Y’all, if I find total peace in my counted threads class tomorrow, I will let you know. Could it be so simple? Yes and no.

Because you know what? No one should feel peace right now but for the intermittent kind that we all need to discover and hold onto to stay sane. If you support Donald Trump, you hate America. If you support the GOP, you are evil. If you voted for trump, you have blood on your hands. You should be shamed and tarnished and kicked out of decent society. You can hide behind your “Christian” values or your “safety” bullshit. But Jesus would weep at the sight of your cruelty and the most dangerous among us are white men who peaked in high school and have now joined ICE to feel tough and to vindicate their pathetic existences.
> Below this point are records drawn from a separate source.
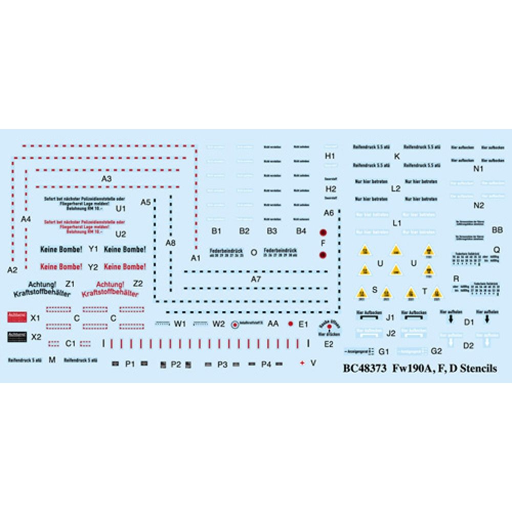 このセットでは第二次大戦のドイツ軍主力戦闘機として活躍したフォッケウルフFw-190の各タイプの機体各部に表記されているステンシルやデータのマークを収録しています。このセットであなたのモデルが一層グレードアップ。
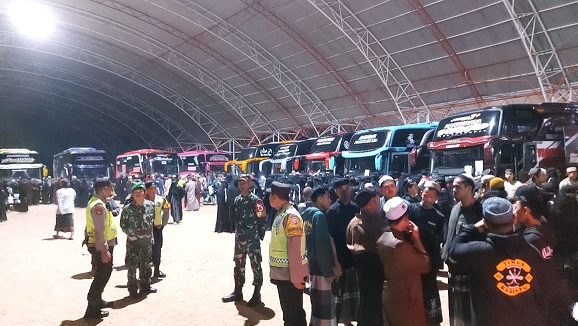 Magetan.- Personel Koramil 07/Karangrejo Kodim 0804/Magetan melaksanakan Pam di Pos Pengamanan serta membantu pemberangkatan pemulangan santri Pondok Pesantren Temboro di Desa Temboro Kecamatan Karas Kabupaten Magetan ke daerah masing-masing dengan menggunakan kendaraan Bus. (Senin, 10/03/2025 )
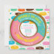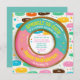 An adorable doughnut party invitation card with the design of a doughnut with icing ad sprinkles. The colours are teal, pink, yellow and other colours. Very fun, cheerful and cute.

If my words make you uncomfortable, perhaps you’re starting to think of me as an overwrought libtard. A hysterical progressive. A deluded wine mom. If so, I am A-OK with that. YOU are on the wrong side of history, of morality, of justice, of democracy, of what our founders envisioned, and most certainly of Jesus. Fuck, I’m an atheist and I’m a better Christian than every Republican I know.

Consider the words that have historically been used to tar and feather women who were sick of towing the party line. Who wanted to live rather than be controlled. Who wanted to think for themselves rather than having their dear husbands/parents/churches/whatever do that “work” for them. Who would not, and will never, sit by while innocent men and women are being murdered for simply saying “wait a minute; I see your misbehavior and I don’t agree.” You start to wonder about the why behind the monikers, you know?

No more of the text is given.